I do not remember ever having been unaware of my disability, but my parents tell me that, as a preschooler, I was. I was quite a cheerful child back then. When I was still having the DID diagnosis, my parents assumed the trauma causing it was my having had to go into special education and hence becoming aware of my difference. This is somwhat contrary to my rehab psychologist’s experience, who shared in her thesis that she was mostly naive towards her difference when attending special education.

Stage two is where I was stuck for years or even decades. I was solidly stuck on this stage when I was in rehab. When my mental health conditions forced me to step back and put non-disbled standards into perspective I slowly slided into stage three, but with a twist of overcompensation. I became insistent on accommodations probably a little more than I could expect. I am still not sure whether my emphasis on my difference as a badge of honor, so to speak, is in itself unhealthy. I do think that its masking a sense of inferiority is.

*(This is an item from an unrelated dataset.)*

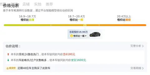 当前市场上,这款车型的二手车价格区间大致在19.22万元至23.01万元之间。然而,请注意,具体的交易价格会受到多种因素的影响,包括车辆的年限、行驶里程、保养状况等。车况的不同将直接影响到最终的成交价格。关于这辆车的售价,卖家给出的价格为19.9万元。在评估车辆价值时,考虑到了以下几个关键因素:首先是车辆的里程,该车里程为7.8万公里,少于均值1.5万公里,这一因素使得车辆估价增加了4500元。其次是车龄,该车车龄为8年,多于均值0.1年,这一因素使得车辆估价减少了600元。再次是过户次数,该车过户次数为1次,多于均值0.3次,这一因素使得车辆估价减少了1000元。最后是车辆的颜色,该车颜色为黑色,这一因素使得车辆估价增加了1680元。除了这些具体因素外,还有其他一些因素也可能影响到车辆的价值。包括车辆的外观、内饰状况、保养记录、市场需求等等。因此,在评估一辆二手车的价值时,需要综合考虑多个方面的因素,并结合具体的车况来进行评估。

What I am not sure about, is what putting non-disabled standards into perspective means. Can you overemphasize your difference and alienate yourself from non-disabled people? Or are disabled people naturally alienated from the non-disabled through the idea of non-disabled standards. After all, what I see in this stages model, is that the person with a disability is always seen as deviant rather than equal. They adjust to their disabiliy relative to non-disabled standards. Is this really as it should be? From a social model perspective, can we abandon this non-disabled standards paradigm and replace it with ahumand ignity paradigm? If we can, will this make adjustment easier? I will have to think on this.

The Many Losses of Blindness

There are many aspects of blindness a person losing their vision must adjust to. I just found an article describing twenty losses of blindness. These include:

  • Losses in the basic sense of psychological security.
  • Losses in basic skills, such as mobility or techniques of daily living.
  • Losses to communication, such as loss of social adequacy, ease of written and spoken communication.
  • Losses of appreciation, such as loss of physical integrity, visual perception of the pleasurable or beautiful, or loss of confidence in the remaining senses.
  • Losses concerning occupation and financial security.
  • Losses affecting the whole personality, such as loss of independence.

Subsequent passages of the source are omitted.